Monday, July 25, 2011
Clement Vallandigham
(January 29, 1820 - June 17, 1871)
Clement Vallandigham was born in Lisbon, Ohio, in 1820. After attending Jefferson College and the Union Academy, he studied law and was admitted to the bar in 1842. Vallandigham worked as a lawyer in Dayton, Ohio, and in 1845 became a member of the Ohio House of Representatives. A member of the Democratic Party, Vallandigham was elected to Congress in 1858. A supporter of state's rights and slavery, at the outbreak of the Civil War he became a leading opponent of President Abraham Lincoln. With Fernando Wood, the mayor of New York, he helped to form the Peace Democrats (Copperheads). Vallandigham's views were unpopular in Ohio and he was defeated in the 1862 election. In 1863 Vallandigham made a serious of speeches attacking the Lincoln administration. He was arrested in May 1863 and charged with violating general order No. 38 which threatened punishment to those declaring sympathy for the enemy.

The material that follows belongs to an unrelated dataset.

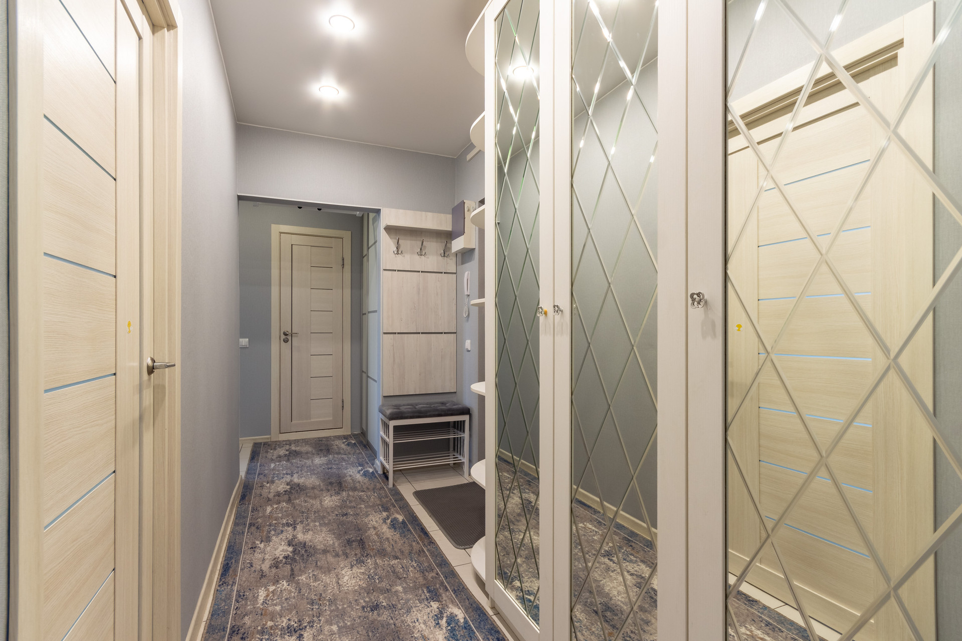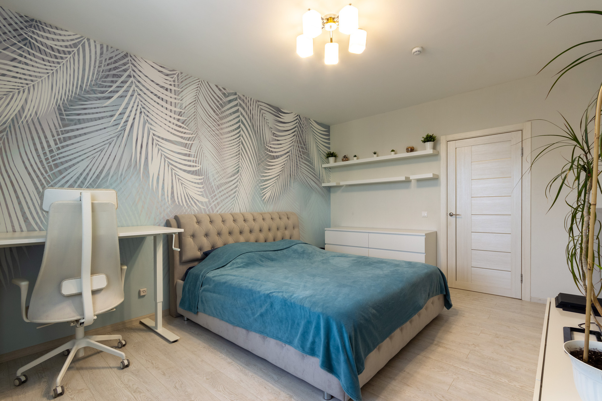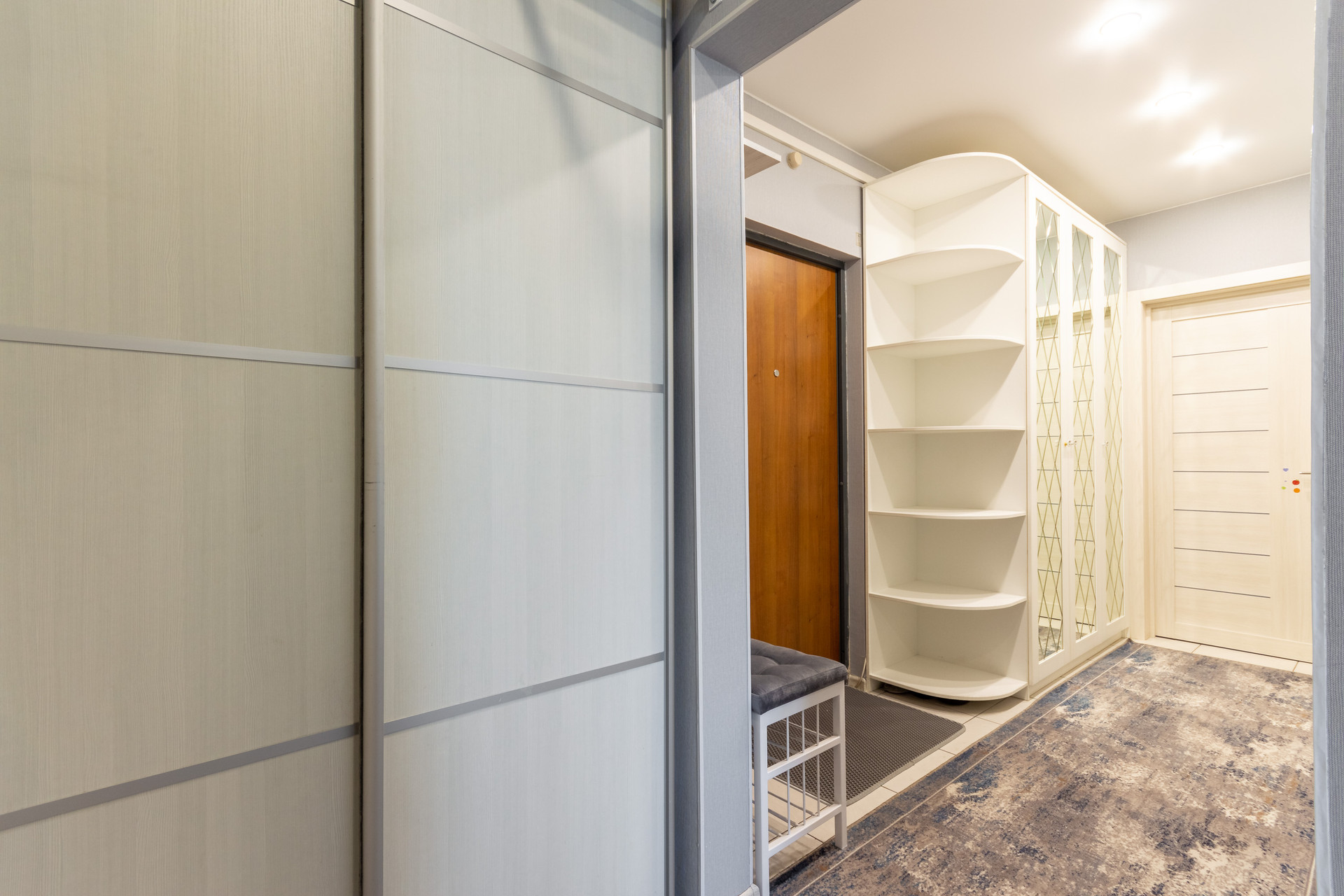 Продуманы системы хранения: два вестимых шкафа в коридоре и прихожая с мягкой скамьей, в спальне кровать с подъемным механизмом и местом для хранения, где можно хранить вещи, качественный матрас «Орматек» тумба под телевизор и вместительный шкаф «Икеа», на балконе гармонично вместили стеллаж и комод как дополнительные места хранения.

Found guilty by a military commission, he was sentenced to imprisonment. Soon afterward Lincoln intervened and commuted his sentence to banishment behind the Confederate Army front lines. After the war Vallandigham returned to Ohio and became a leading critic of the Radical Republican. In postwar years the Democratic party declared him persona non grata at its 1866 Philadelphia convention, a meeting of old Federals and recently reconstructed Southern Democrats, where it was felt his presence was disruptive. After he lost a bid in 1867 for election to the state senate, he resumed his law practice. In a Lebanon, Ohio, hotel on June 16, 1871, a gun went off while he was demonstrating to other attorneys how a defendant's supposed victim may have accidentally shot himself. He died the following day.